> [Data section]:
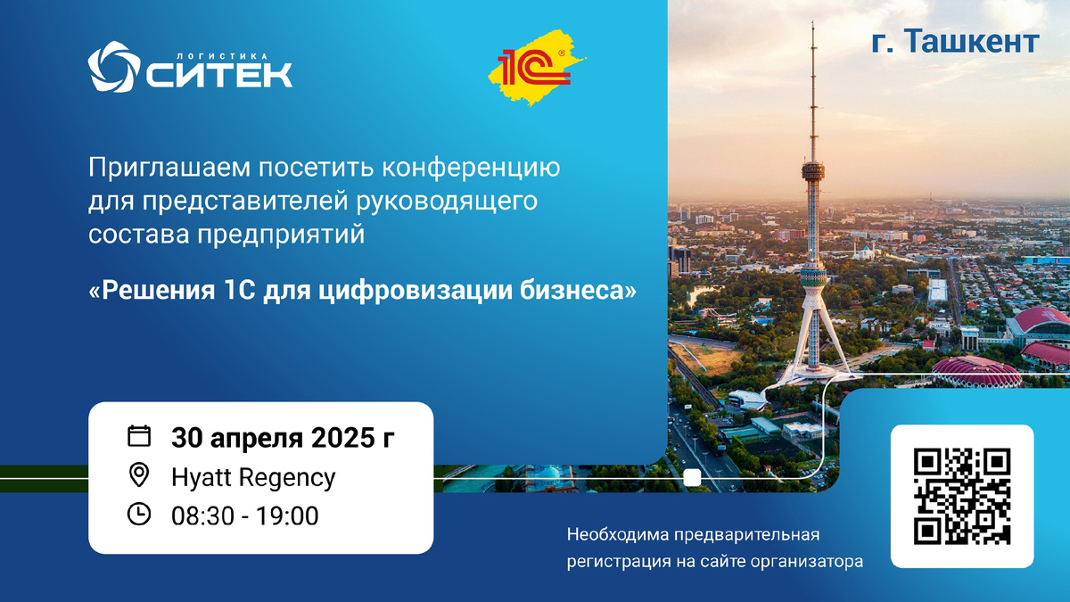 🏢 Организаторы: фирма «1С» и ее дистрибьюторы в Узбекистане «VENKON» и «1S-Toshkent». 📉 Мероприятие: конференция «Решения 1С для цифровизации бизнеса». 🗓 Когда: 30 апреля 2025. 📍 Где: Ташкент. Цель конференции - информирование участников о возможностях современных решений для цифровизации бизнеса на платформе «1С:Предприятие 8», обмен опытом по проектам внедрения и решениям «1С» для корпоративного сектора, отраслевых и специализированных решений для промышленности, сельского хозяйства, транспорта и логистики. Специалисты СИТЕК в рамках отраслевой секции «Логистика и транспорт» расскажут о том, как увеличить эффективность работы склада в два раза на реальных примерах. Конференция будет проходить в отеле «Hyatt Regency Tashkent» по адресу: Ташкент, ул. Алишера Навои, д. 1А. До встречи на конференции!
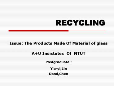 • OTHERWISE, PEOPLE REUSE THESE GIASSES RE-CREATION
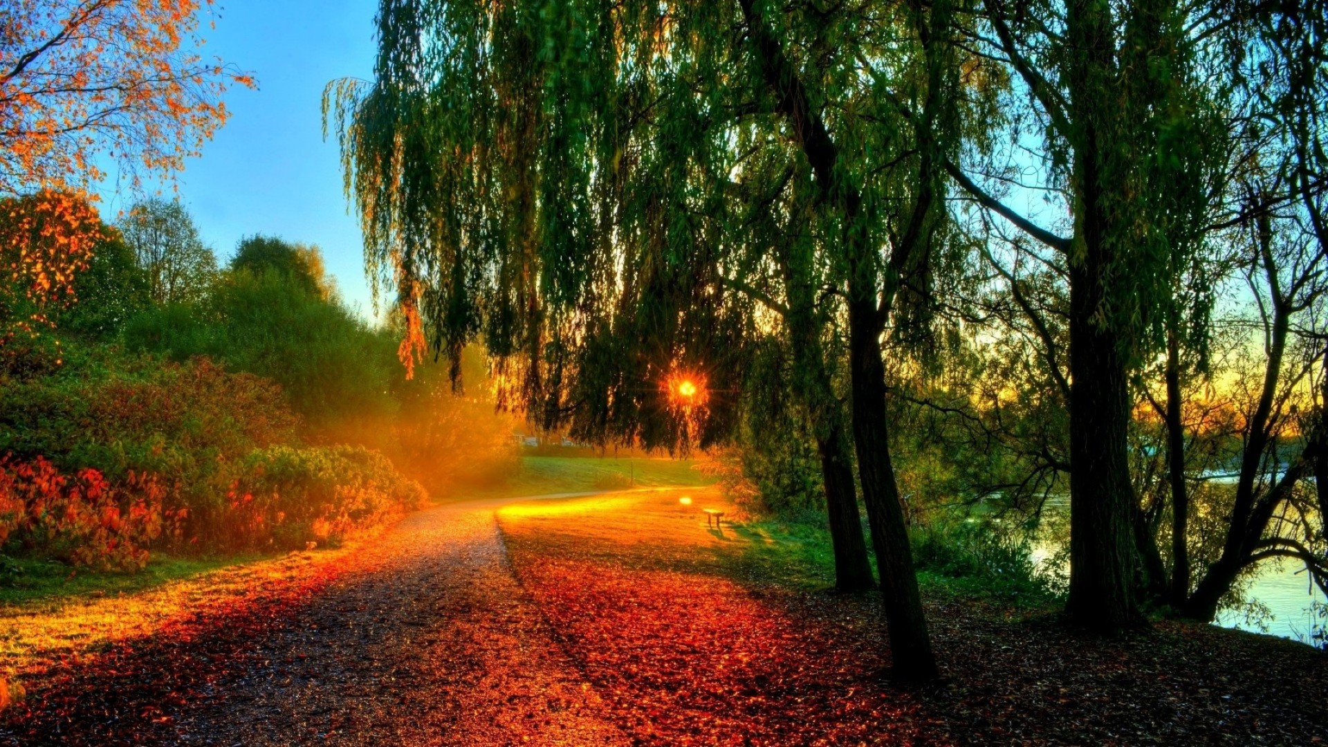 Nature automnale, arbres et coucher de soleil
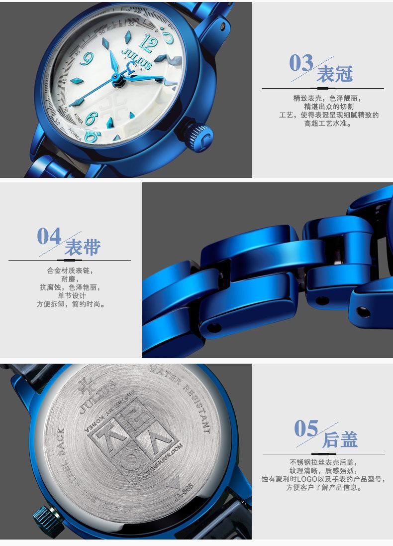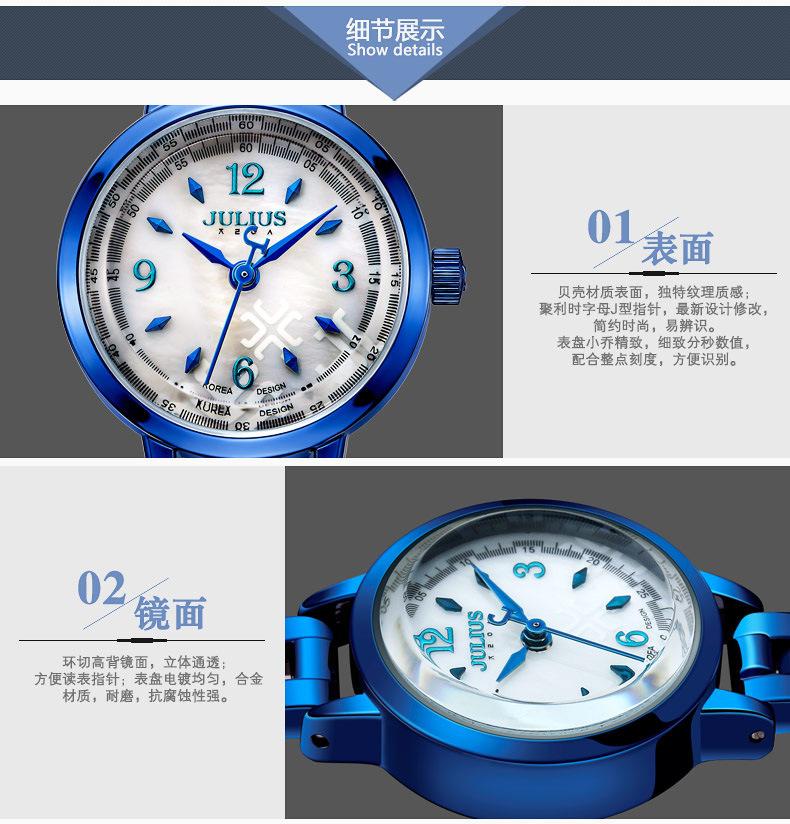 El significado de la marca JULIUS es alegre, único, amoroso, ideal, inusual y brillante. Es un reloj único que te enamorará a primera vista (Just You Will Love, un reloj único y especial). JULIUS toma este nombre y cuenta con siete series principales: Serie Clásica, Serie Emocionante, Serie Brazalete, Serie Exploración, Serie Pareja, Serie Hombre y Serie Edición Limitada.

> [What you will do]:
The answer is the lines of the material above, from the one containing "THESE GIASSES RE-CREATION" down to the one containing "Nature automnale, arbres", given exactly and without images.

> [Solution below]:
 • OTHERWISE, PEOPLE REUSE THESE GIASSES RE-CREATION
 Nature automnale, arbres et coucher de soleil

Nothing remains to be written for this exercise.